S1619, the ranging management of the master device transmits the distance and the relative position of the second slave device to the master service of the master device.

If there are more slaves in the system, the master can wait for ranging of all slaves to complete before implementing the cursor crossing procedure shown in fig. 17.

The cursor passing flow shown in fig. 17 includes the following.

S1701, the primary service of the primary device determines a target device.

The host service may perform the above steps when the cursor is located within the screen edge region of the host device. Taking fig. 1 as an example, when the cursor is located in the right screen edge area of the master device, the target device is the first slave device. After determining the target device, the host service may instruct the input management computing cursor to traverse to the initial position of the target device.

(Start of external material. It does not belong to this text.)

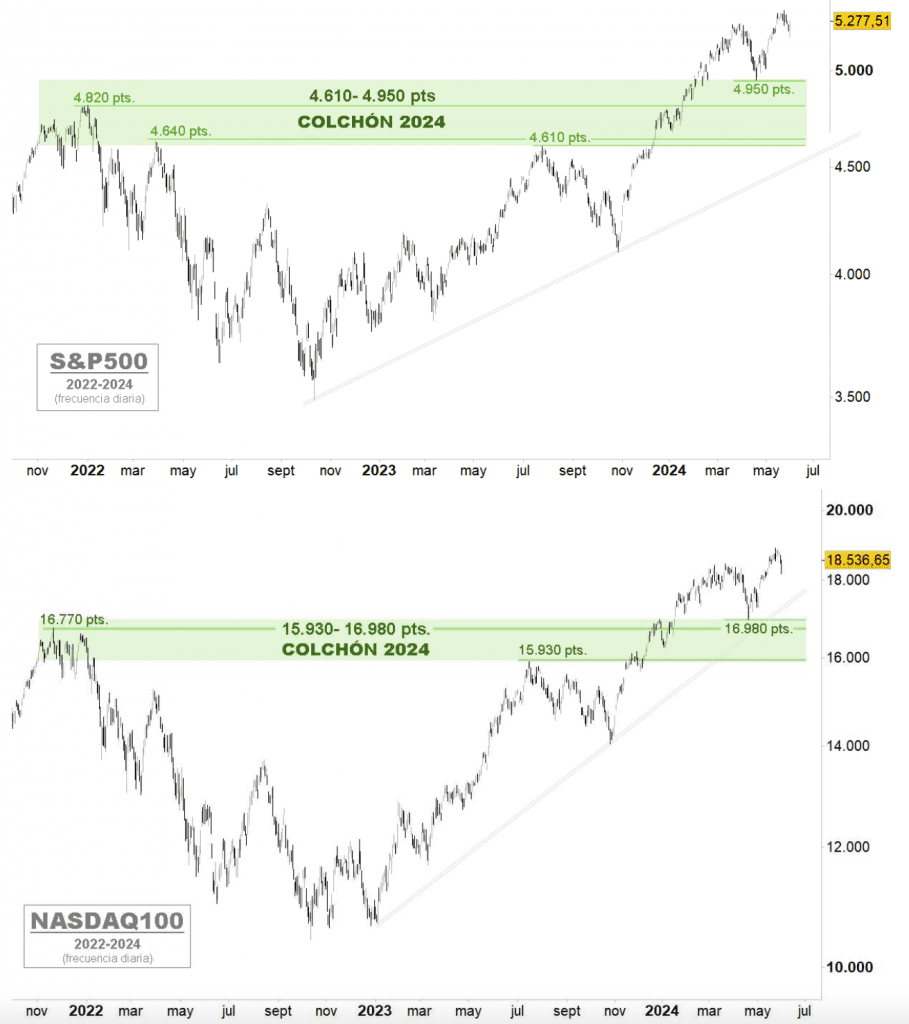 Los colchones de 2024 claves para las bolsas americanas. Debajo mostramos los niveles clave de soporte para el S&P500 y para el NASDAQ100, cómodos colchones ante un eventual escenario correctivo. En el caso del S&P500, la franja entre 4.610 y 4.950 puntos se presenta clave, al igual que la franja entre 15.930 y 16.980 puntos para el tecnológico NASDAQ100:

S1702, the host service of the host device instructs the input management of the host device to calculate the initial position.

The host service may send information such as the screen size of the target device to the input management. The master device may also send the device identifier of the target device to the input management, which obtains information such as the screen size of the target device based on the device identifier. After the screen size of the target device is acquired, the input management may calculate the initial position according to the example shown in fig. 9 or 10.

S1703, input management of the host device transmits initial position information to the host service of the host device.

The initial position information may be a coordinate value. When the cursor moves to the right screen boundary of the host device, the host service of the host device may perform the following steps.

S1704, the master service of the master device sends a pass-through message to the first slave device.

If the bluetooth connection is established between the master device and the first slave device, the master service of the master device may send the traversing message through the bluetooth driver, where the traversing message includes initial position information, and the initial position information indicates an initial position after the cursor traverses to the first slave device.

S1705, the master service of the first slave device transmits initial position information to the input management of the first slave device.

S1706, the input management of the first slave device sets the initial position of the cursor.

For example, if the initial position information is a coordinate value, the input management of the first slave device sets the initial position of the cursor according to the coordinate value.

S1707, input management of the host device transmits displacement data to the host service of the host device.

The displacement data is data received by the master device from the mouse after the cursor passes through to the first slave device.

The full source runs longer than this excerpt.